Little has been written about the history and development of electricity in Utah. 2 What has focuses on the first period of that history, the years from 1881, when electric service began in Utah, to 1912, when, as Obed C. Haycock says, the formation of Utah Power & Light Company "ushered in a new era of power development in the state. " The subsequent years have received almost no attention from historians. The following article deals with the founding of Utah Power & Light and its first ten years, during which time the foundation of the modern electric power industry was established.

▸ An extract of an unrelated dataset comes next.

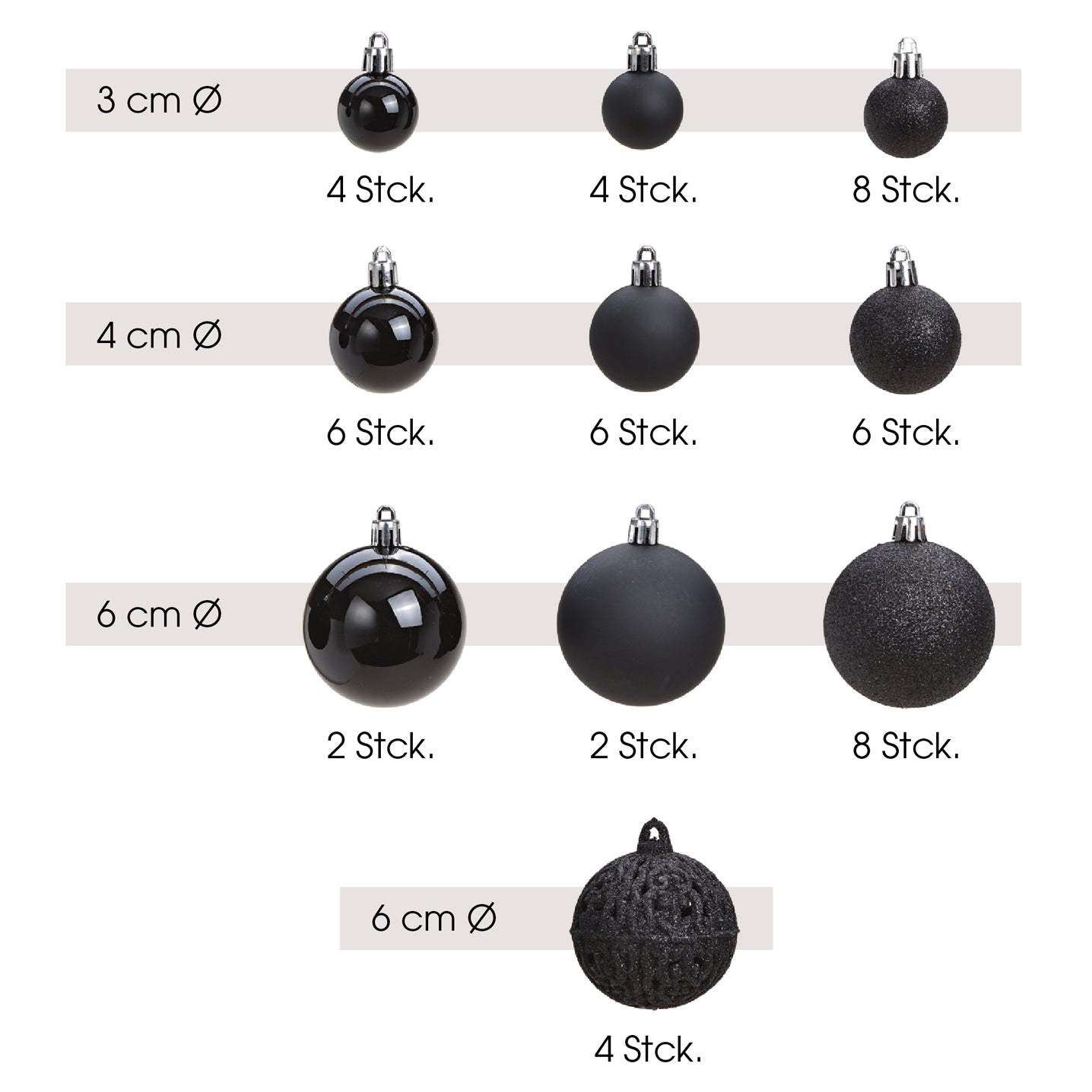 Weihnachtskugeln aus Kunststoff, 50er-Set, Schwarz Ø3/4/6cm (B/H/T) 23x18x12cm
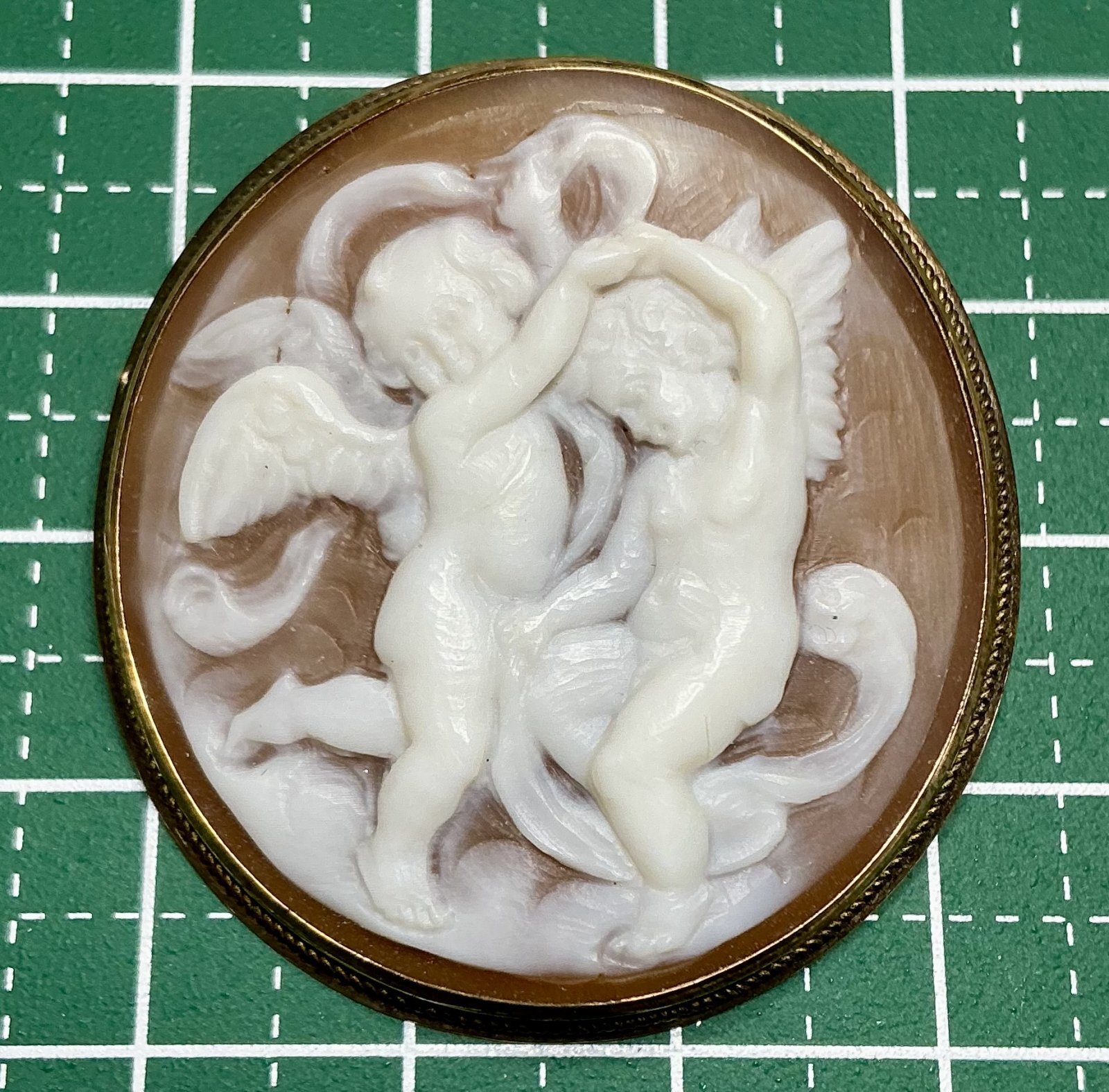 可愛い天使のシェルカメオブローチ1920年イギリス

Electric service in Utah began in the spring of 1881 when the Salt Lake City Light, Heat, and Power Company started supplying electricity to light some of Salt Lake City's streets, businesses, and public buildings. The next twenty years or so was a time of slow progress and faltering steps. As in the rest of the country, the initial enthusiasm about the possibilities and benefits of electricity changed to exasperation and skepticism. Most of Utah's early power plants were small, isolated, locally owned, poorly financed and equipped, and located on canyon streams where they were subject to uncertain fluctuations. Technical knowledge was limited and early equipment unsophisticated. Service was unreliable, available only part-time, and only slowly extended throughout the state.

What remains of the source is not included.